А дедуля никогда не рассказывал мне историй, он вообще не любит историй, и детей он тоже не любит, и еще не любит шума, вот один раз в Рюдгренеле мы очень весело играли с Риком и с Анаис, ее мама — сестра Поля, мы так смеялись, а он повернулся к нам и посмотрел на меня, и глаза у него были злые, взаправду злые, мне захотелось заплакать и спрятаться и совсем расхотелось смеяться, а он сказал бабуле — даже не взглянул на нее, просто сказал: «Прекратить это». Бабуля стала грустная и сразу увела нас: «Пойдемте, детки, поиграем в сквере, дедуля устал». Когда мы вернулись, дедуля ушел, и больше мы его не видели, мы поужинали все вместе — я, бабуля, мама и еще Адель, сестра Поля, и опять было очень весело, но я видела, что бабуля все равно грустная.

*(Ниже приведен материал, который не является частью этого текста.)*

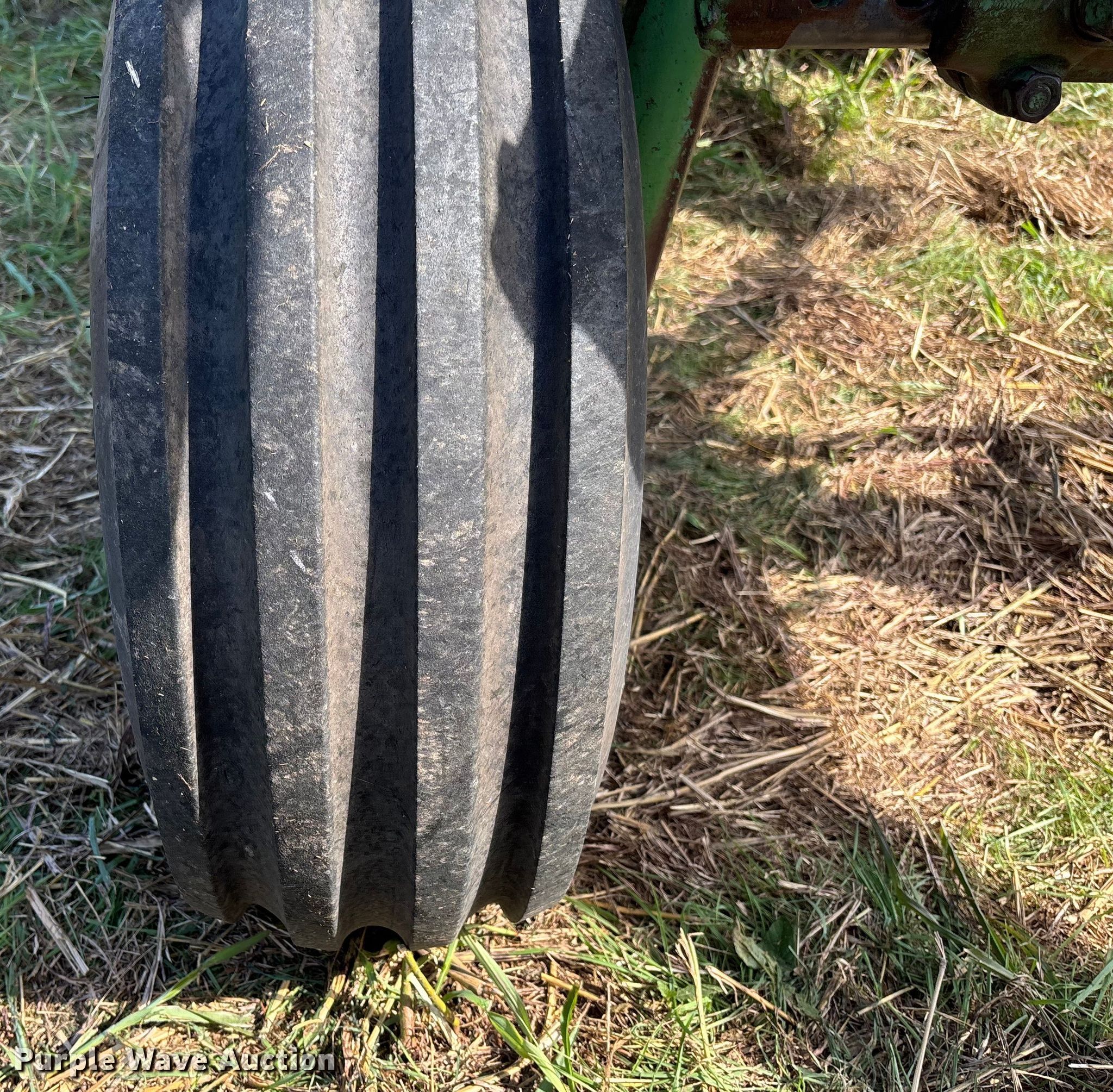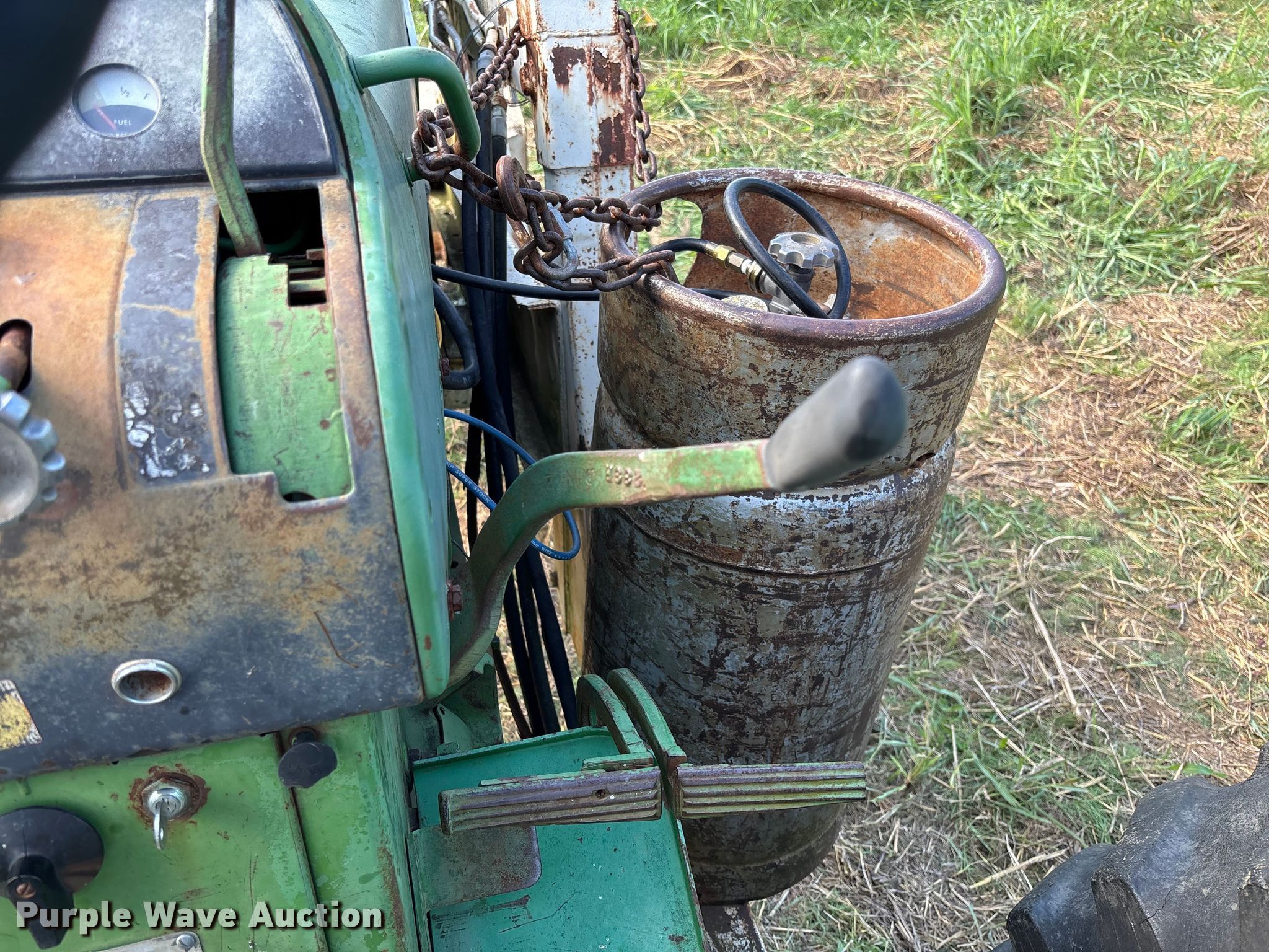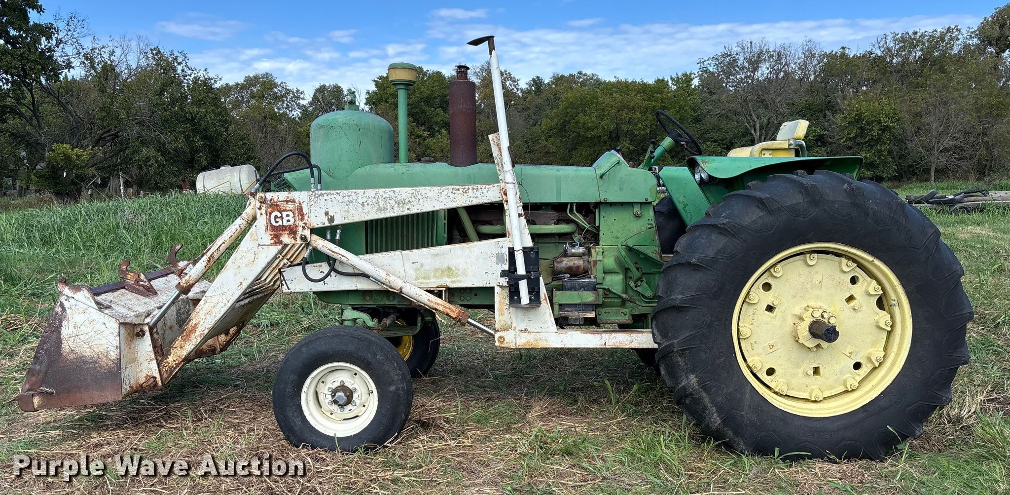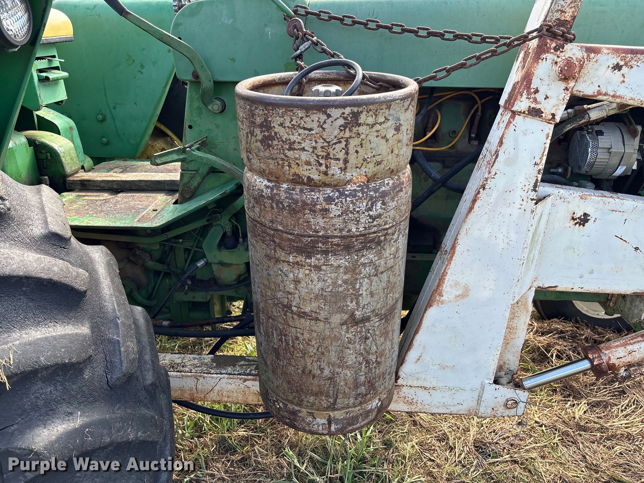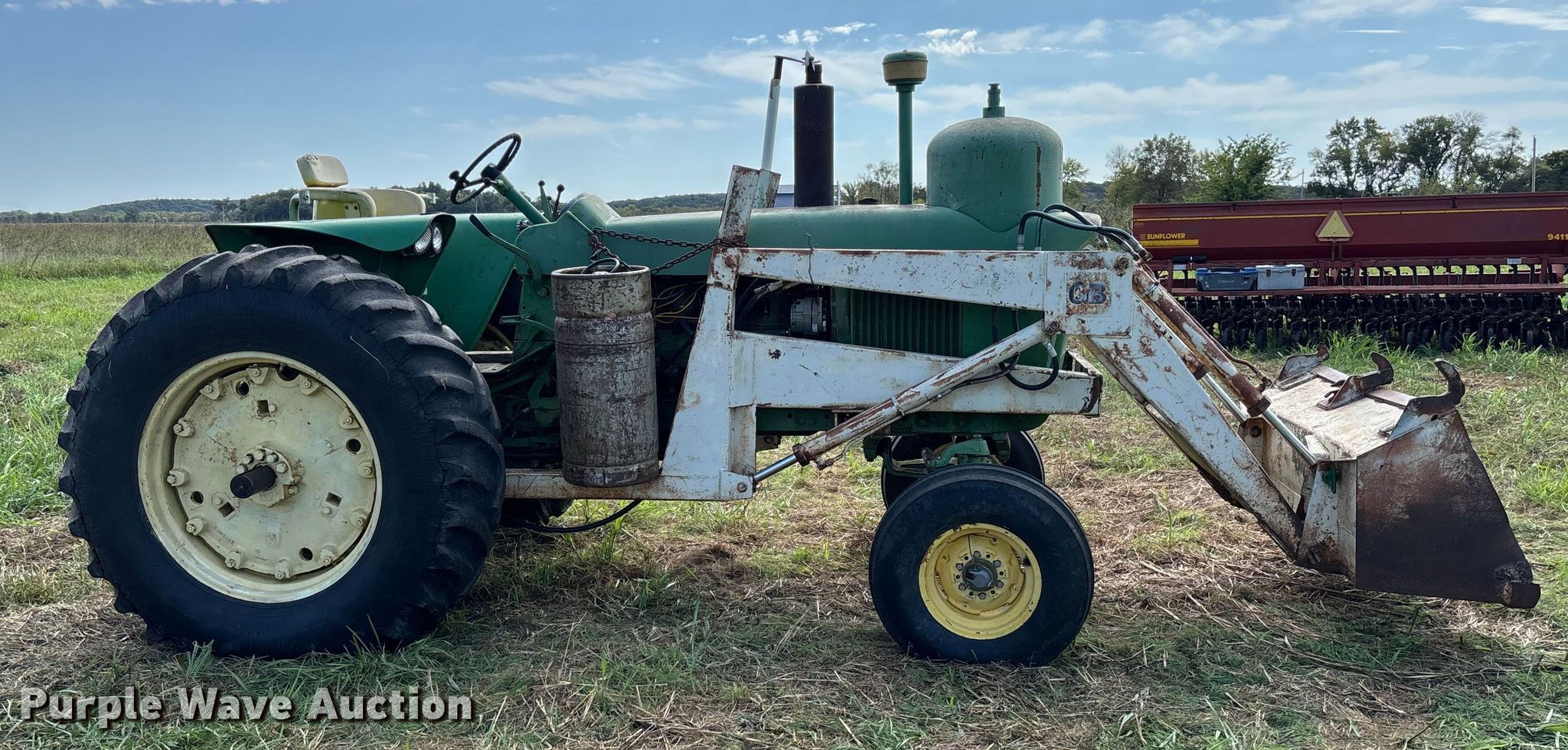1965 John Deere 4020 tractor. Hours: 4,830 on meter, Serial: SNT212R109512R. Engine John Deere, Cylinders: 6, Fuel type: LPG. Transmission Synchro, 8F - 2R, Differential lock. Features PTO: 540, 1000, Three point Top link, Hydraulic remote sets Rear: 2, Loader Controls: Two-lever, Bucket Width: 61", Bale spear Spear missing. Tires Front: 11L-15, Rear: 18.4-34, Wheel weights: 2. Notes Jump start required during on-site data collection. Havana, KS 67347

Когда я спрашиваю маму, она говорит, что вовсе нет, что все в порядке, что это взрослые дела, не надо мне-забивать ими голову и что она меня очень-очень любит. Это-то я знаю. Но я еще много чего знаю. Я знаю, что дедуля разлюбил бабулю, что бабуля сама себя тоже разлюбила, что бабуля любит Жана больше, чем маму и Лору, а Жан ненавидит дедулю, а дедуля терпеть не может Жана. Я знаю, что дедуля думает про папу, что папа дурак набитый. Я знаю, что папа сердится на маму за то, что она дедулина дочь, а еще за то, что она захотела меня родить, а он не хотел детей, или хотел, но попозже; еще я знаю, что папа меня очень сильно любит и даже, может быть, он сердится на маму за то, что так любит меня, потому что он меня не хотел, и я знаю, что мама иногда немножко сердится на меня за то, что она меня захотела, а папа не хотел. Да, я все это знаю. Знаю, что им всем плохо, потому что все любят не тех и не так и не понимают, что сердиться им не на кого, кроме самих себя.

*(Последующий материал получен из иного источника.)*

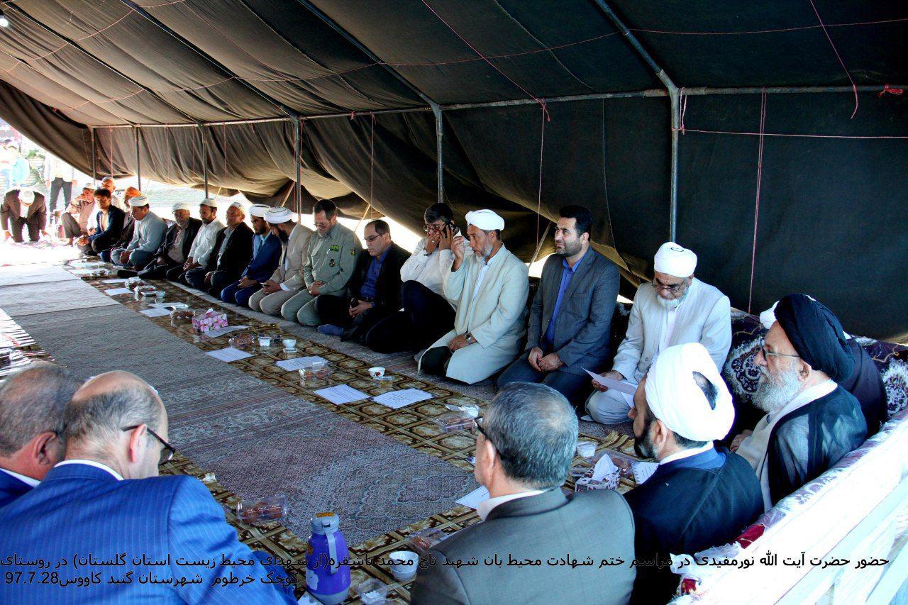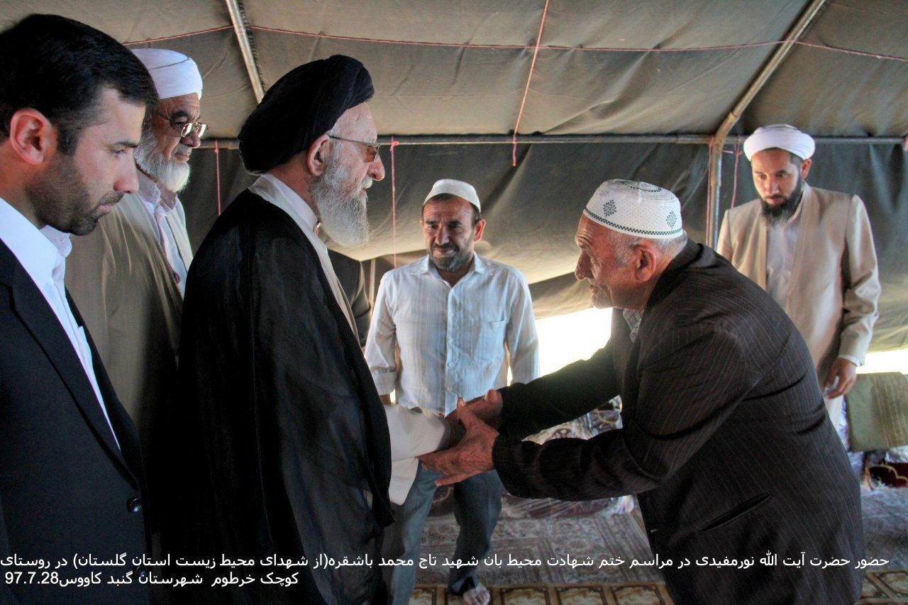 به گزارش ترکمن سسی؛ آیت الله سیدکاظم نورمفیدی در حاشیه این مراسم و در گفتگو با خبرنگار صدا و سیما  اظهار کرد: شنیدن شهادت این محیط بان عزیز مصیبت غمباری نه فقط برای خانواده شهید و مردم  گلستان بلکه برای همه ملت ایران  همراه با حزن و اندوه بود، چرا که  افرادی از خدا بی خبر انسان پاکی را که تازه از سفر معنوی حج برگشته بود را در راه دفاع از ارزش ها و سرمایه های این کشور برای منافع پست خود ،مظلومانه به شهادت می رسانند.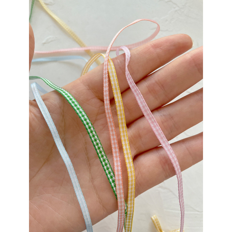 3mm4mm格子縞田園風格子縞リボンリボンリボン付き手作り髪飾りリボン人形飾り蝶結び

Считается, что дети ничего не понимают. Вот спросить бы у взрослых, были ли они когда-нибудь детьми?

ФермаУлица Гренель, спальня

Я попал на эту чистенькую и нарядную ферму на Перламутровом Берегу после двух часов бесплодных поисков сельской гостиницы с рестораном, которая, как мне сказали, недавно открылась в окрестностях Колевиля, близ американского кладбища. Эту часть Нормандии я всегда любил. Не за сидр и не За яблоки, не за сливки и цыплят фламбе с кальвадосом, но за ее бесконечные пляжи, за побережье, так широко открывающееся во время отлива, где я впервые по-настоящему понял, что значит выражение «между небом и землей». Сколько раз я гулял по пляжу Омаха-Бич, слегка ошалев от пустоты и простора, смотрел на чаек, на собак, бродивших по песку, приставлял руку козырьком к глазам, вглядываясь в горизонт, хоть и не видел там ничего нового, и чувствовал себя счастливым и довольным, взбодрившись от этой одинокой прогулки.

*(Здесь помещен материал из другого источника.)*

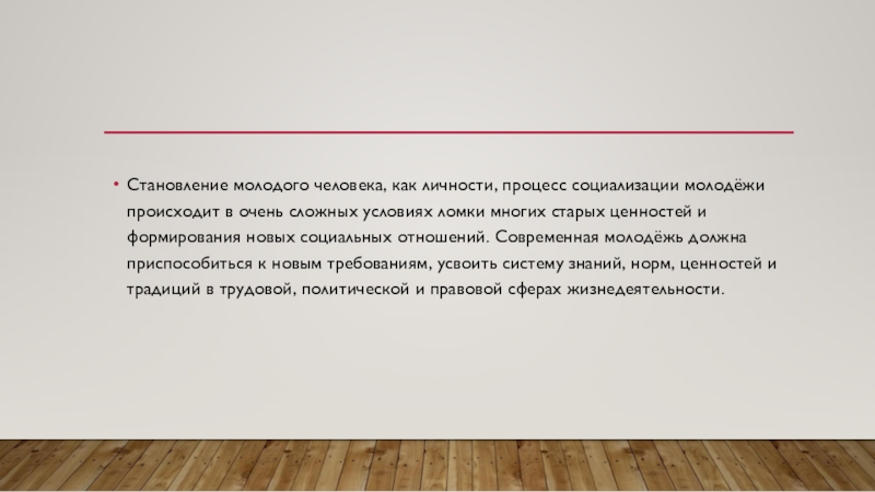 сложных условиях ломки многих старых ценностей и формирования новых социальных отношений. Современная молодёжь должна приспособиться к новым требованиям, усвоить систему знаний, норм, ценностей и традиций в трудовой, политической и правовой сферах жизнедеятельности.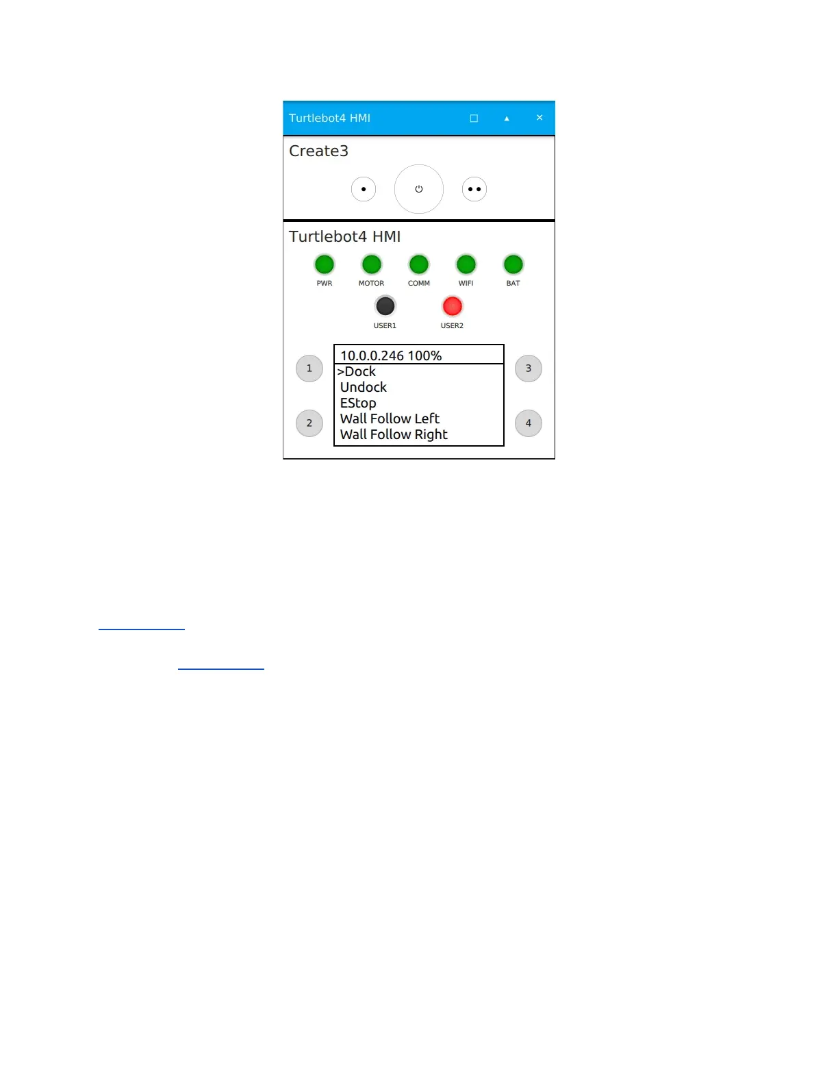 The TurtleBot 4 display has a simple scrolling menu. There are 4 control functions for the menu:

Но в то утро, прекрасное летнее утро, ясное и свежее, настроение у меня стремительно портилось, пока я блуждал в поисках злополучной гостиницы, теряясь среди немыслимых ухабистых дорог и получая от встречных самые противоречивые указания. В конце концов я свернул на узкий проселок, который уперся во двор фермы: дом из местного камня, крыльцо, увитое огромной глицинией, и утопающие в красных геранях окошки со свежевыкрашенными белыми ставнями. В тени старой липы перед домом стоял стол, за которым пять человек (четверо мужчин и женщина) заканчивали обедать. Нужного мне адреса они не знали. Когда же я, махнув рукой на поиски, спросил, где бы я мог поблизости перекусить, мне в ответ чуть пренебрежительно фыркнули. «Есть-то лучше всего дома», — с многозначительным видом изрек один из мужчин. Тот, что, судя по всему, был здесь хозяином, нагнулся ко мне, положив ладонь на крышу машины, и без дальнейших церемоний предложил отобедать у них чем бог послал. Я согласился.